Они, сострадая, произносили общие слова утешения. Они уже были наслышаны о Сухинове и обращались большей частью к нему, стараясь смягчить, отогреть его ожесточенное сердце. Их пугало его багровое, обмороженное лицо, на котором угрюмо сверкали угольно-черные глаза.

– Сухинов, милый наш брат, – говорила Волконская дрожащим голосом. – Успокойтесь, смиритесь. Лиза Нарышкина рассказывала о ваших настроениях. Так вы убьете себя прежде времени! Так нельзя жить! Нельзя жить ненавистью. Да, вам много причинили зла, но Христос учил прощать. Простите своих обидчиков, и вам станет легче. Надо жить надеждой. Все переменится к лучшему, вот увидите. Сейчас ночь, но наступит утро.

Сухинов с наслаждением впитывал в себя негу женского голоса. Он сказал:

– Оживите Муравьева, Щепиллу, Кузьмина, и тогда я прощу своих обидчиков, княгиня!

– Ах, боже мой! – воскликнула Трубецкая. – Ах, какая невосполнимая утрата для общества, для отечества!
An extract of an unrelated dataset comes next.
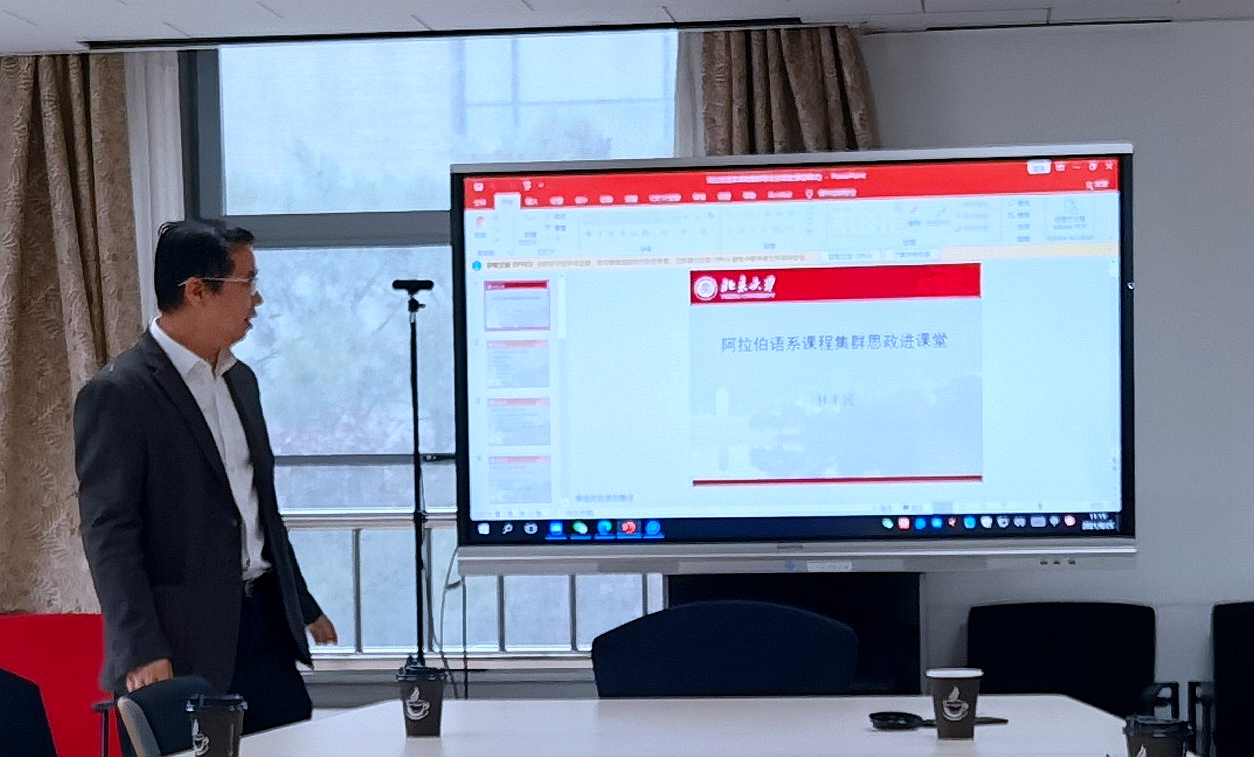 林丰民教授作为东方文学课程的负责人,总结了过去两个学年“东方文学”课程评估和学生反馈的情况,肯定了课程取得的良好教学成果;重点介绍了北京大学课程思政建设工作的背景和进展,以及北大外院阿拉伯语系课程思政专业立项的情况,特别向与会老师分享了阿拉伯语系课程集群思政进课堂的做法、经验和成果:阿语系的各位教师选取“习近平谈治国理政”、中国传统文化、中国古代哲学、时政、外交、经济等材料,运用在基础语言、翻译、阿拉伯语书法艺术、报刊选读等多门课程的教学中,注重引导学生站在国家立场思考问题。他认为,阿语系学生在老师和专家的指导下,积极录制面向埃及、阿曼、卡塔尔、苏丹、阿联酋、沙特等阿拉伯国家的合作抗疫视频,其实就是阿拉伯语专业课程思政的过程和结果。他指出,课程思政建设要以“立德树人”为根本宗旨,鼓励与会老师结合传统与创新,在东方文学课程建设中体现思政因素。
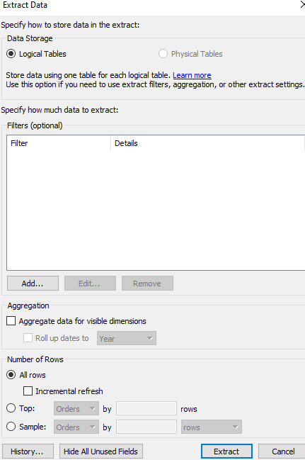 Aggregating data before you extract can increase performance because it will decrease the total row count. - Compile Query

Она-то хорошо помнила Сергея Ивановича. Он был так уверен в себе, жаркоречивый, красивый, бледный, похожий на апостола. И вот его нет, а ее Серж, осторожный, умный, благородный, сброшен на самое дно жизни. Чья в том вина? Ей ли понять? Она будет нести до конца свой крест, охотно разделит с мужем его муки, но душа ее отвергает жестокость и насилие, готовность к которым так и брызжет из глаз этого обмороженного, неусмиренного человека, бывшего поручика. Его товарищи, это видно, намного спокойнее и добрее. Но он обязательно погубит и себя и их, по его лицу бродит отсвет небытия. Его разум не внемлет словам тишины и покоя. Боже мой!

– Вы хотели добра, – попыталась она объяснить то, что чувствовала сама, – получилось зло. Пролилась кровь невинных. Бог и царь сильнее обыкновенных смертных, и они всегда будут правы. Надо смириться и возносить молитвы за упокой души павших братьев. Все иное – путь в бездну. Неужели это трудно понять?!

Напрасно она помянула царя. Сухинов посмотрел на нее отчужденно, как на врага.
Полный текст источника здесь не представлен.